Stylometry System

Background

Stylometry is the study of the unique linguistic styles and writing behaviors of individuals in order to determine authorship. Stylometry can be used to attribute authorship to anonymous or disputed documents, and it has legal as well as academic and literary applications. We are interested in the question of the authorship of email, an area of forensic linguistics.

Stylometry uses statistical analysis, pattern recognition, and artificial intelligence techniques. For features, stylometry typically analyzes the text by using word frequencies and identifying patterns in common parts of speech. It might also use what are called "rare pairs", an individual's habits of word collocation. Pattern recognition techniques that have been used include neural networks, genetic algorithms, and Support Vector Machines (SVM).

Project

We will create a pattern recognition system to identify the author of arbitrary email using stylometry features. The system will consist of three components: data collection, feature extraction, and classification. A paper and MIT Thesis describe existing systems. The paper uses this Java-based data mining software (C4.5, neural network, and SVM).

Data Collection

For data we will use the email gathered from an earlier study of the keystroke biometric.
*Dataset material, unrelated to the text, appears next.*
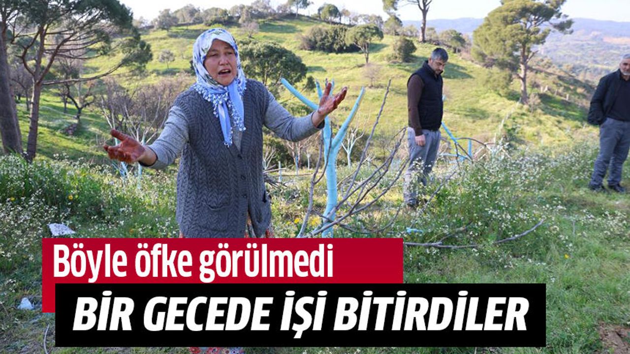 Bahçesindeki incir ağaçları kesilen Gülperi Aslan, ağaçları zorluklarla yetiştirdiklerini ifade ederek "Direği yıkarak içeriye girmiş. 47 tane incirmizi kesmişler. Kasıtlı olarak yapmışlar. Kimin yaptığını da bilmiyoruz. İnşallah cezasını çeker, bulunur. Benim çocuklarım bu ağaçları zorla yetiştirdiler. Suları zorla sırtlarında bidonlarla çektiler, suladılar. Ben sıcakta çalıştım. Benim çocuklarım kızıl sıcakta çalıştı. Öyle yaptılar bu bahçeyi. Yazıklar olsun. Bunu yapanlar insanlıktan nasibini almamış. Bunu yapanların kim olduğunu Allah bilir. Ben gözümle görmedim ama görseydim zaten öldürürdüm. Ya ben onu ya o beni öldürecek" şeklinde konuştu.

Because the data from that study is not in simple text form (it includes timing and other information for each keystroke), the initial step will be to write a short program to convert the data into simple text files.

Feature Extraction

The feature extraction component calculates features, such as the average word length and the letter frequencies.

Classification

Initially, we will use a simple classification technique called nearest neighbor, and if time permits, we may use more sophisticated classification techniques like SVM.

If time permits, we might combine the stylometry identification system with the keystroke biometric system to determine and study the expected increase in identification accuracy.